AI-Driven Big Data Analytics for Transforming Cybersecurity for Zero-Day Vulnerabilities in E-Commerce Supply Chains
Abstract
The rapid expansion of e-commerce and its reliance on intricate supply chains have amplified the need for robust cybersecurity measures. The emergence of zero-day vulnerabilities—unanticipated weaknesses exploited before patches are developed—poses a significant threat to e-commerce systems. These vulnerabilities can disrupt operations, compromise sensitive customer data, and damage trust. Traditional cybersecurity approaches struggle to address the dynamic and complex nature of these threats. However, advancements in artificial intelligence (AI) and big data analytics offer transformative potential. By leveraging vast datasets, AI-driven analytics can detect anomalous patterns, predict potential vulnerabilities, and respond in real time.

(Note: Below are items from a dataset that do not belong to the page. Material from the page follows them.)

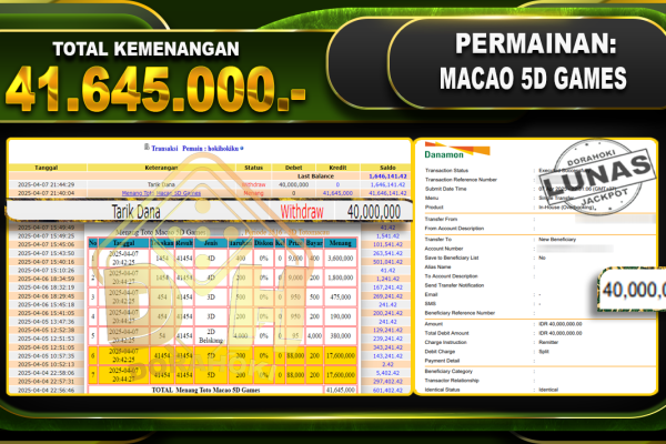 Bukti JP GATES OF OLYMPUS – ucapkan selamat kepada user id Khaxxx atas kemenangan di GATES OF OLYMPUS 1000 dengan total kemenangan Rp.15.062.384,- . Yang pasti nya langsung LUNAS sesuai bukti ya bosku. Dorahoki nih bosku berapapun akan tetap kami bayar lunas ya bosku.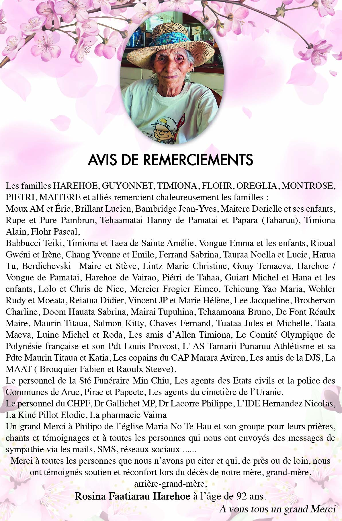 Avis de remerciements de la famille HAREHOE-GUYONNET pour la défunte Rosina FAATIARAU HAREHOE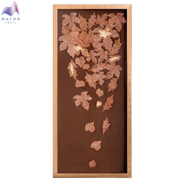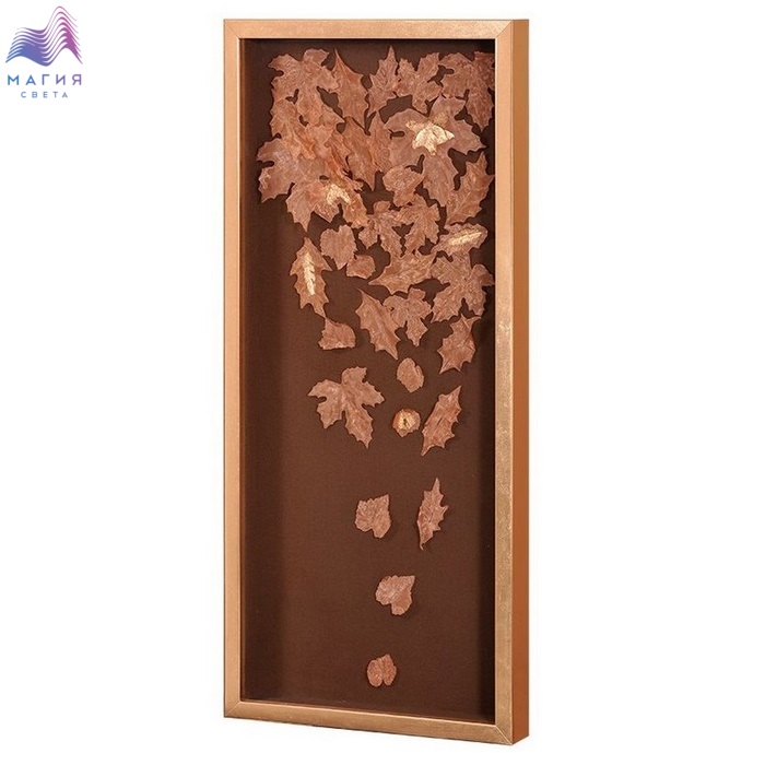 Панно "Листопад 2" — это настенное панно из металлической сетки в раме из шпонированного МДФ под стеклом. Цвет рамы - медный, цвет панно - медный. Подложка выполнена из фанеры, обтянутой холстом кофейного цвета.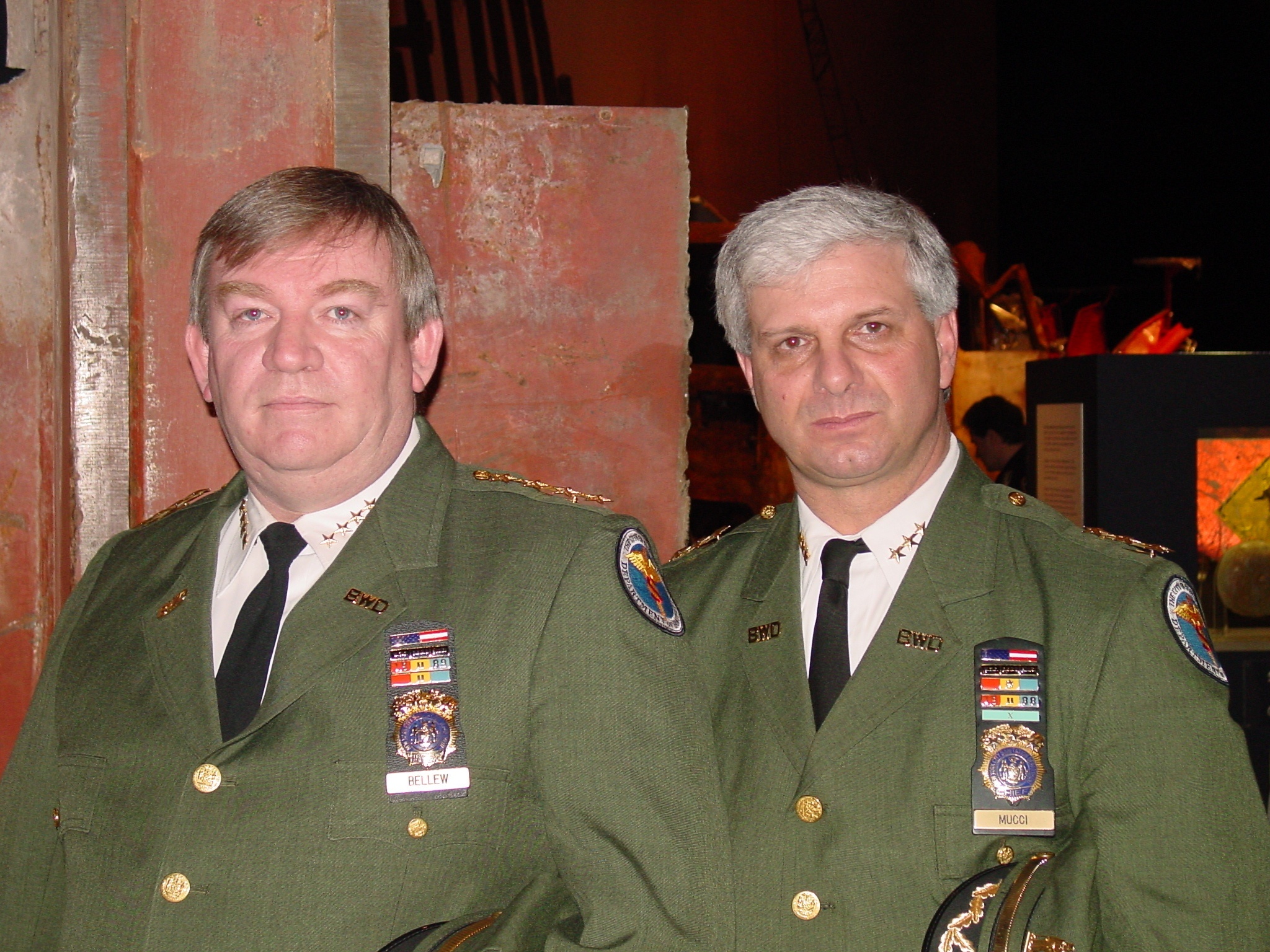 Abstract: Photograph taken from New York State Museum, Albany, NY. of Martin Bellew and another DSNY officer.

This paper explores how AI-powered big data analytics is reshaping cybersecurity strategies for mitigating zero-day vulnerabilities in e-commerce supply chains. It discusses the challenges inherent to securing supply chains, highlights the role of AI in predictive analytics and anomaly detection, and presents practical insights into the application of these technologies. The integration of machine learning algorithms, neural networks, and natural language processing is examined, alongside their effectiveness in uncovering hidden attack vectors. The paper also investigates how AI can adapt to evolving threats, enhance risk assessment frameworks, and foster collaboration across e-commerce stakeholders. Finally, ethical considerations and future research directions are proposed to ensure that the adoption of AI in cybersecurity remains secure, equitable, and scalable.